Overbreadth was another area of patent law that took centre stage in 2021 with the decision of Seedlings Life Science Ventures, LLC v Pfizer Canada ULC. Although overbreadth is grounded in ss. 27(3) and (4) of the Patent Act, some commentators had raised doubts about whether a patent could be invalidated based on overbreadth alone. In this decision, the FCA held that it is a stand-alone basis for invalidating a patent. The FCA discussed the interplay between overbreadth and sufficiency. The FCA held that a claimed invention must be sufficiently disclosed such that a person of skill in the art can work the invention without undue experimentation (i.e., sufficiency). On the other hand, if the patent teaches the person of skill in the art ways to practice the invention that requires a particular element, and some claims omit that element, then those claims that omit the element are overbroad as they are broader than the invention disclosed (i.e., overbreadth). How sound prediction will be seen to interact with overbreadth across the scope of a claim and whether courts will indeed make findings of patent invalidity based on overbreadth in the absence of another ground of invalidity such as sufficiency or obviousness are things to watch for in 2022.

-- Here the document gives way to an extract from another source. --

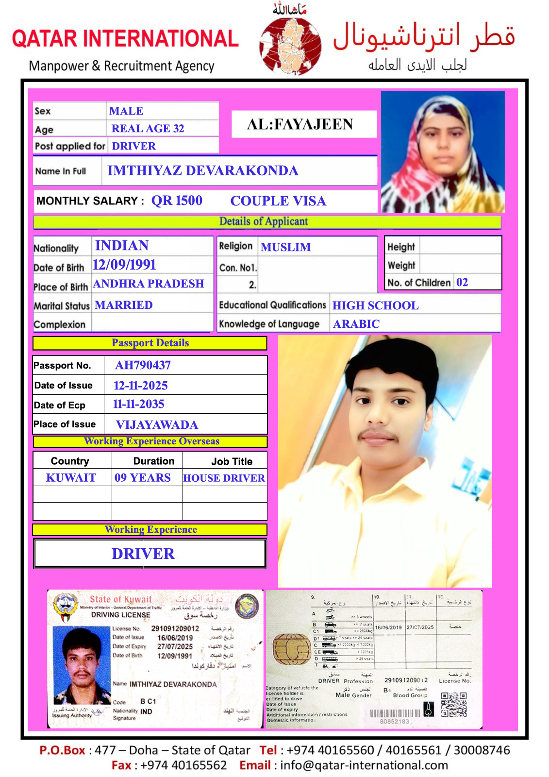 الاسم - عربي IMTHIYAZ DEVARAKONDA

2021 provided key insights into the availability of a claim for relief under the Statute of Monopolies. In Apotex Inc v Eli Lilly Canada Inc, the Court denied relief under the Statute of Monopolies for any harm suffered because of the adjudication of rights under the PMNOC Regulations and Patent Act. The Court held that the PMNOC Regulations and Patent Act were a legislative scheme that constitute a complete code. Accordingly, an innovative pharmaceutical company can only be liable for damages relating to assertion of its patents in accordance with the PMNOC Regulations and the Patent Act. A similar result was obtained on summary judgment motion in Apotex Inc v Pfizer Ireland Pharmaceuticals. These decisions may bring an end to efforts to seek additional relief for patent assertion outside of the relief provided for under the complete code of the patent regime. Both matters have been appealed. As such the continued exploration of this avenue for relief is something to watch for in 2022.

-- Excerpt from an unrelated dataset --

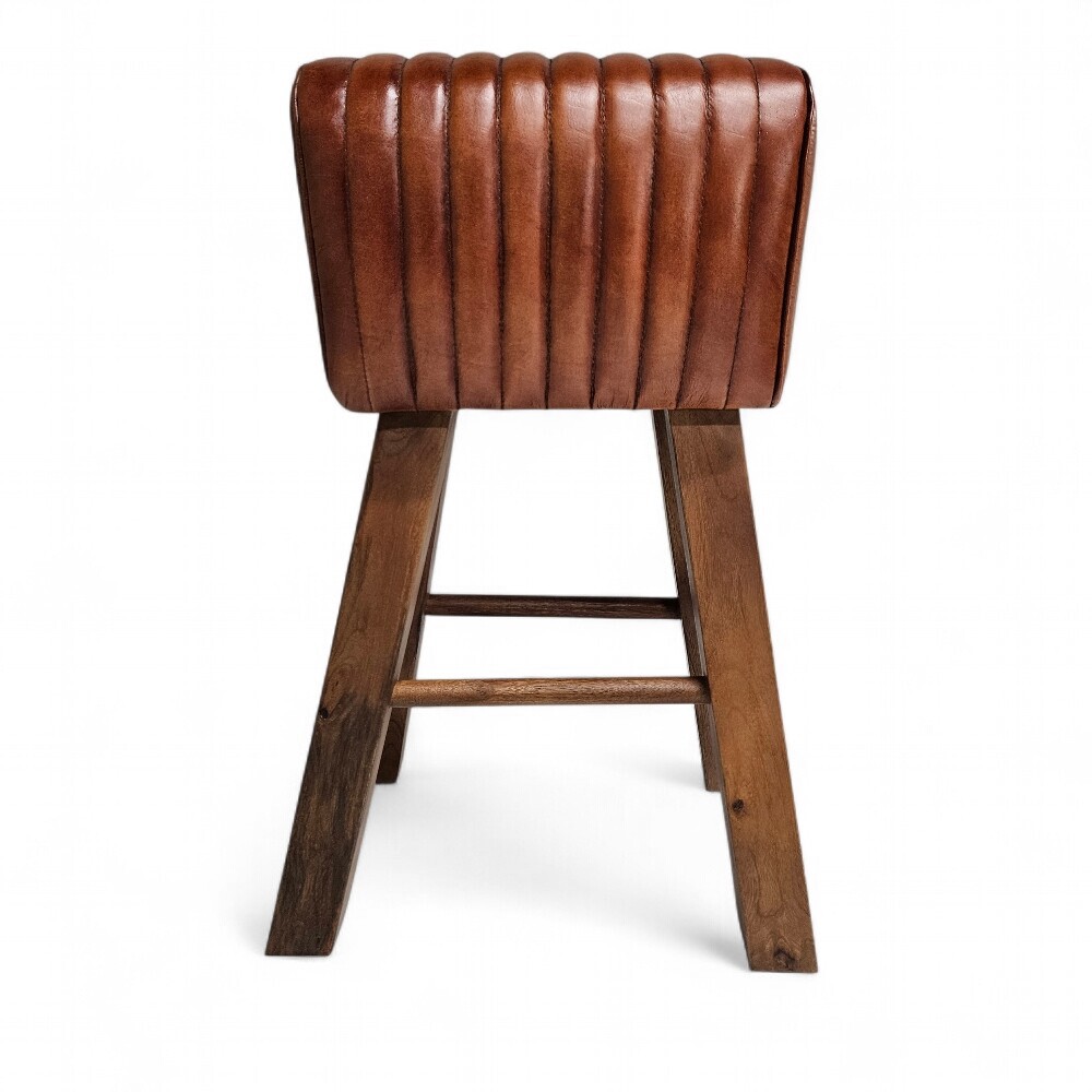 Meticulously handcrafted from premium top-grain leather with a distinctive hand-stitched saddle seat, this 75cm stool features a sleek architectural silhouette that serves as a timeless focal point for any interior

In 2021 judicial review applications and appeals were once again trending, with cases pertaining to data protection (e.g., Janssen Inc v Canada (Attorney General)), patent listing and the strict applications of the timelines in the PMNOC Regulations (e.g., Merck Canada Inc v Canada (Health), aff’d 2021 FCA 224, and Certificates of Supplementary Protection (e.g., Canada (Health) v GlaxoSmithKline Biologicals SA). Early efforts to protect and defend patent-related rights is becoming increasingly popular. Whether the trend will continue is something to watch for in 2022.

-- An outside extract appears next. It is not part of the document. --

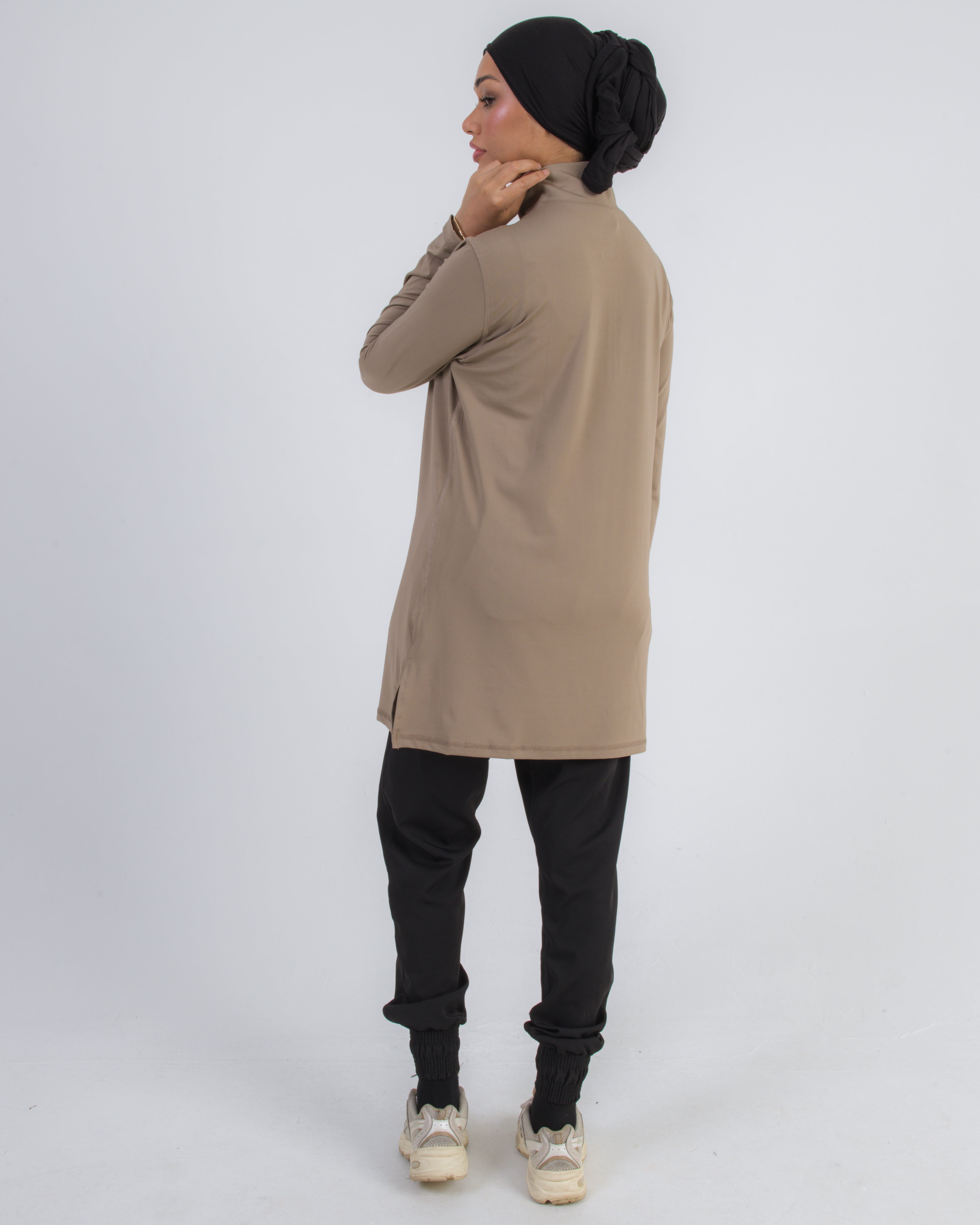 Introducing our Tailored Fit Top – the ultimate combination of elegance and functionality. This top offers medium-level coverage, strategically designed slits for a full range of movement, and the added benefit of neck coverage.

The courts continued the recent trend of promoting the use of summary judgment and summary trials in 2021, even in complex matters in the patent and pharmaceutical space. In the case of ViiV Healthcare Company v Gilead Sciences Canada Inc, the FCA seized the opportunity to clarify when and how motions for summary judgment and summary trials should proceed. The view from the FCA appears to be that—although not always the right approach—summary proceedings in some cases increase efficiency and save the parties and the court resources. The FCA also approved of summary judgment to resolve a patent dispute, not in the pharmaceutical space, in Canmar Foods Ltd v TA Foods Ltd. With the FCA opening the door to summary proceedings in patent infringement and validity actions, when and how often these proceedings will be pursued is something to watch for in 2022.


2022 is bound to be an interesting year in Canadian pharmaceutical patent law with these trends and other new developments on the horizon.